The enigmatic title comes from the source material, which, perhaps counterintuitively, is not of a  whimsical fairy-tale nature but the opposite: a collection of almost 200 poems by factory worker Xu Lizhi, detailing the soul-destroying reality for many young workers on the assembly lines at the giant Foxconn manufacturing plant in southern China, where many of the world's cell phones and other personal electronics are made. 

Although he had started to gain some recognition for his literary gifts, Xu Lizhi jumped to his death on the last day of September 2014, when he had just turned 24. He was not the only worker to take this way out of a life he felt was destroying his humanity, and a group of his friends collected his poems and published them as widely as they could to not only celebrate their friend but to open the eyes of the world to the inhumane working conditions at the plant. 

Journalists around the world reported the story at the time. Apparently conditions at the plant have since improved somewhat—but the poems continue to circulate, and a growing number of theatre artists have been inspired by the simple poetic power of Xu Lizhi's words, creating new works of music, movement, and design to make more of us aware of the human cost of gadgets we take for granted.

This February 2019 at Toronto's Factory Theatre (in a co-presentation by fu-GEN Theatre and the Music Gallery), Remy Siu's Hong Kong Exiles presented Foxconn Frequency No. 3. Taking Xu Lizhi’s poems as a starting point, they created a futuristic theatrical event where three pianists competed in what has been described as a “kind of randomized real-time video game” involving three keyboards connected to computers and 3D printers, with webcams adding live footage of the performers' efforts as they compete. Each performance was different depending on the real-time results of the “game.”

While I didn't have the opportunity to see this show live, I have seen excerpts online and read many accounts of the disconcerting effect on the audience of the (thematically simulated) inhumane pressure placed on the three “worker/competitors” as they attempt to keep up with the demands of the “game.” The performance seems to have been a fascinating recreation of the factory life depicted in the poems, also functioning as a warning to the audience of the human pressures of our product-hungry modern world.

Njo Kong Kie, in I Swallowed a Moon Made of Iron. Photo credit: Dahlia Katz.Kong Kie's creation is very different. In contrast, it could be seen as almost old-fashioned in its simplicity. Onstage is a grand piano on a highlighted square of floor, with a screen behind the piano on which the poems and various images are projected. A man (Kong Kie) enters and walks around the square marked on the stage, miming what seems to be a feeling of being constricted by his living and working space. After a while he sits down at the piano and begins to play.
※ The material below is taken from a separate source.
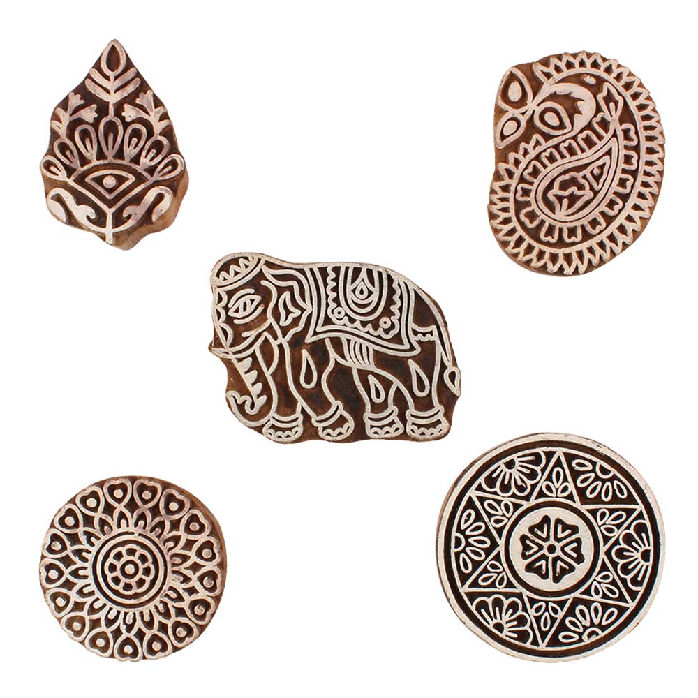 Set of 5 Piece New Mix Wooden Printing Blocks. Ideal for use on Fabric, Paper, Canvas, etc. These Blocks can be use to Print with Oil Colors, Fabric Colors, Water Colors, Acrylic Colors and Vegetable Colors.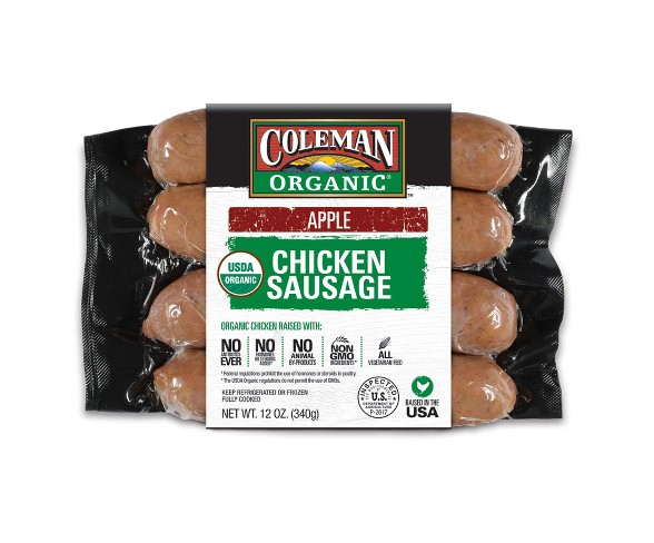 Description Tart apples are added to our ground organic boneless chicken for a sweet-and-savory fully cooked addition to just about any dish! Four (4) links approximately 3oz. each are included in the package.Contains: Does not contain any of the 8 major allergensCountry of Origin: United StatesCut of Meat: ThighStore: In a Refrigerated location at RefrigeratedType of Meat: ChickenFeatures: Free rangeDietary Needs: Certified Gluten Free, Organic certifiedState of Readiness: Prepared, heat and servePackage type: Individual item multi-servingExterior container material: PlasticSeasoning or marinade: Seasoning blendBone cut type: BonelessNet weight: 12 ouncesPackage Quantity: 1OrganicFree Range.Non GMO Project Verified.No Antibiotics Ever.All Vegetarian Diet. No Animal By-Products.Chicken Hatched, Raised, Harvested in USA. Estimated shipping dimensions: 3.5INCH X 2.0INCH X 13.0INCH DPCI : 210-12-0145 UPC : 072745634024 TCIN : 53361053 Estimated shippimg weight: 0.75POUND

There are several interludes in the 60 minutes of this theatrical concert, where Kong Kie performs other passages of mime, some seemingly-literal depictions of claustrophobia, others more symbolic, such as moving an anonymous cube from the floor to the piano, or raising it into the air with a pulley. These passages help to create a contextual world for the poems, feelingly spoken by Kong Kie in their original Chinese while English translations are projected on the screen behind. The performer's voice is rich and moving without being overly dramatic, and the impact of the poem's words is often enhanced by being spoken first before a blank screen, with a translation only being projected afterwards alongside the music.

The great richness of this theatrical concert is the power of the music, which varies from simple melodies to richly dramatic harmonies to clashing jangles, depending on the poem. Where it fell down for me was in the lack of a strong enough dramatic arc for the performance. The suicide to come at the end, I felt, was too clearly foreshadowed at the beginning, and the middle sequence was too often mired in shapeless melancholy.
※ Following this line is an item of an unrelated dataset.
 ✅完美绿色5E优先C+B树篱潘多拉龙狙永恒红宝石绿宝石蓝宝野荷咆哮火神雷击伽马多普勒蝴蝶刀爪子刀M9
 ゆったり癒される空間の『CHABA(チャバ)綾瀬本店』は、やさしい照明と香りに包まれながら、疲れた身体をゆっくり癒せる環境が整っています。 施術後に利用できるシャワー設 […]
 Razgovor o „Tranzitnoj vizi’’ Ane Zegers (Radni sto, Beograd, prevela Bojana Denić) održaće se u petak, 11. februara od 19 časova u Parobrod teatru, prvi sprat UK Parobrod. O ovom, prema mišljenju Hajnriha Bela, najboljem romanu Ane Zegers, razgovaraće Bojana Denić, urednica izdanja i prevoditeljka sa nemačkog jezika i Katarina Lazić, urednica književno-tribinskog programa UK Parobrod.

In spite of this, the show is an intriguing introduction to the poems and world of Xu Lizhi, and a moving personal response to those poems by a musical artist of great experience and power. Kong Kie was for many years the music director for dance company La La La Human Steps, and many of his compositions here have a plasticity and dramatic tangibility that cry out to be interpreted by dancers. In many ways this felt like a first personal draft of something that may, in the future, grow into a larger work of music and theatre.

Njo Kong Kie’s I Swallowed a Moon Made of Iron was presented from May 17 to 26 by Canadian Stage, at the Berkeley Street Upstairs Theatre, Toronto.
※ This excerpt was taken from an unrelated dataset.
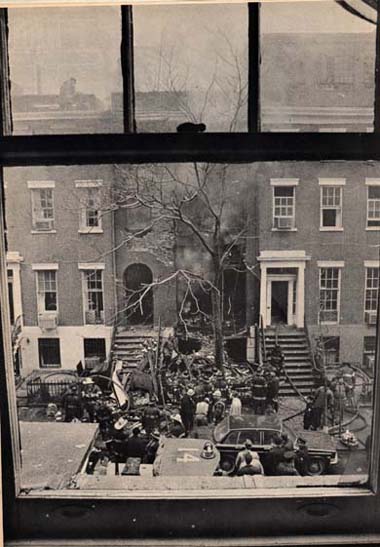 Precisely at noon, she had picked Ethan up at school, and was walking south on Fifth Avenue with the other children and mothers. As they reached the corner of 11th Street, there was a deafening blast, followed by a billowing cloud of black smoke, and—as soon as they could see through the smoke—flames leaping from a house on the south side of the street. "My God, it’s my house," said Ann, and leaving our son with a friend on the corner, she ran toward the house. As she approached, she saw that the flames were coming out of the windows of Number 18. She ran into the building on the corner and telephoned me. Then she went back toward Fifth Avenue, which was shrouded with dense black smoke three blocks south to Washington Square.

Jennifer Parr is a Toronto-based director, dramaturge, fight director and acting coach, brought up from a young age on a rich mix of musicals, Shakespeare and new Canadian plays.

Tafelmusik Baroque Orchestra and Chamber Choir, led by Masaaki Suzuki in their performance of Bach’s St. Matthew Passion. Photo credit: Jeff Higgins.It is the challenge of any conductor of early music: how to take works with innumerable minute sections and transitions, and smooth them into a cohesive performance. This challenge becomes particularly demanding when the individual sections themselves are complex and technically formidable, requiring an elevated level of focus from each performer and precise control from their leader. Within the corpus of such works, J.S. Bach’s St. Matthew Passion reigns supreme: almost three hours in duration and scored for two choirs and orchestras, the immensity of every aspect of this piece makes it the apotheosis of Baroque religious music, the pious parallel to Handel’s great operas.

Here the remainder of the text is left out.